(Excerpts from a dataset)
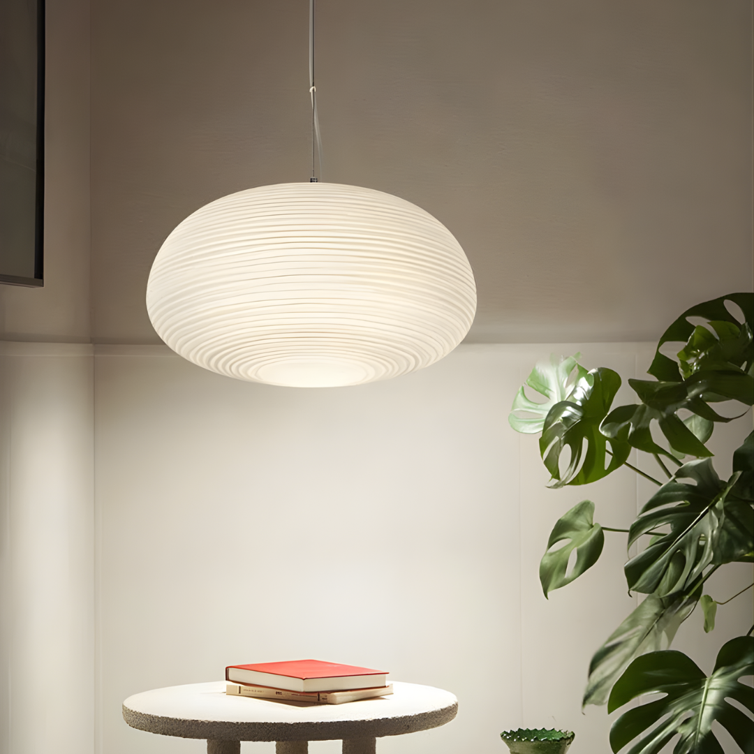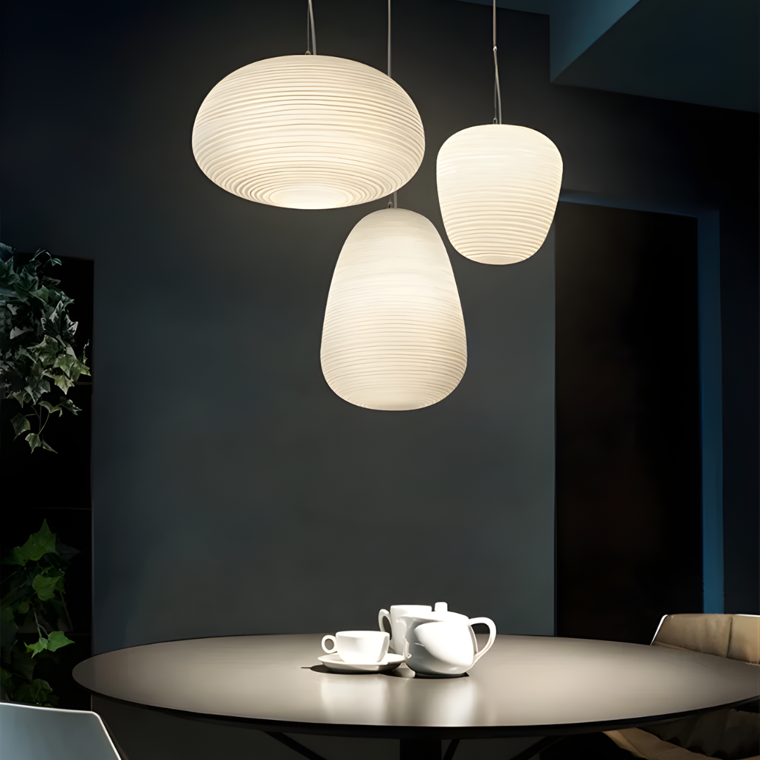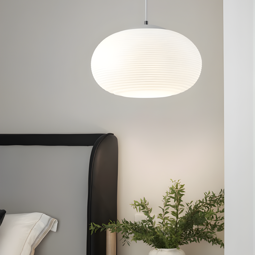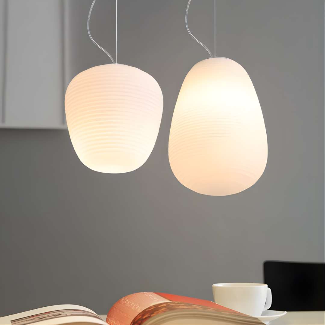 Modern design with smooth milky white glass shades creates warm, inviting illumination for versatile interior spaces.
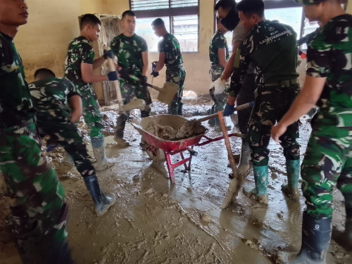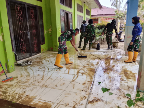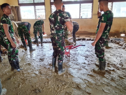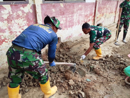 Taruna dan Kadet yang tergabung dalam Sub Satuan Tugas (Subsatgas) 1/Macan Satuan Tugas Taruna Latihan Integrasi Taruna Wreda Nusantara (Satgastar Latsitarda Nusantara) ke-46 melaksanakan kegiatan pembersihan di SMP Negeri 1 Manyak Payed
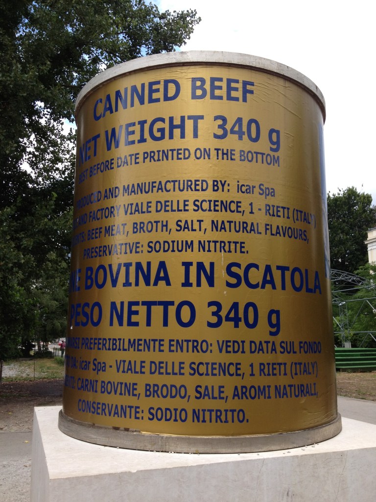 ... and now a 'classic': International Community monument, a over-dimensional canned beef by Nebojsa Seric Shoba, that fed the people of Sarajevo during the war-time. In the meantime, the 'can' became one of the favorite landmarks of locals. According to artist, this was a can with "never-confirmed content, expiration date, country of origin, (...) did not have anything better".
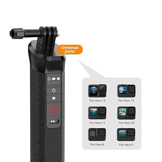 Profundidade à prova d’água: 15m O controle remoto do bastão de selfie é compatível somente com os modelos GoPro Hero 13/12/11/10/9 e 8 Black. Permite que você fotografe, alterne modos e ligue/desligue sua câmera mesmo em ambientes aquáticos.
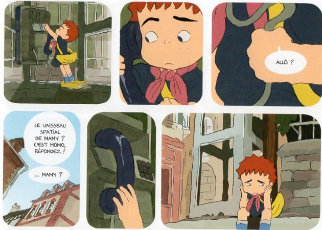 idées. On pleure avec elle, tant de chagrin que de bonheur. Il faut dire que Rony Hotin lui a fait une sacrée bouille. Il n’a pas raté, non plus, les personnages secondaires. Qu’il s’agisse du poissonnier, du SDF, de Françoise ou des bandes de garçons ; tous dégagent autant de charisme que de caractère. L’autre succès de l’album réside dans la narration. Puisqu’elle est attristée, Momo se mure dans le silence et les cases aussi : très peu de bulles, donc. L’essentiel de la narration repose donc sur les épaules du dessinateur. Et à voir le résultat, on a du mal à croire que

● **Exercise goal**
Print the lines from the line with "Profundidade à prova" to the end of the data above. Include both ends, exclude the pictures, and add nothing else.

● **Response to this exercise**
 Profundidade à prova d’água: 15m O controle remoto do bastão de selfie é compatível somente com os modelos GoPro Hero 13/12/11/10/9 e 8 Black. Permite que você fotografe, alterne modos e ligue/desligue sua câmera mesmo em ambientes aquáticos.
 idées. On pleure avec elle, tant de chagrin que de bonheur. Il faut dire que Rony Hotin lui a fait une sacrée bouille. Il n’a pas raté, non plus, les personnages secondaires. Qu’il s’agisse du poissonnier, du SDF, de Françoise ou des bandes de garçons ; tous dégagent autant de charisme que de caractère. L’autre succès de l’album réside dans la narration. Puisqu’elle est attristée, Momo se mure dans le silence et les cases aussi : très peu de bulles, donc. L’essentiel de la narration repose donc sur les épaules du dessinateur. Et à voir le résultat, on a du mal à croire que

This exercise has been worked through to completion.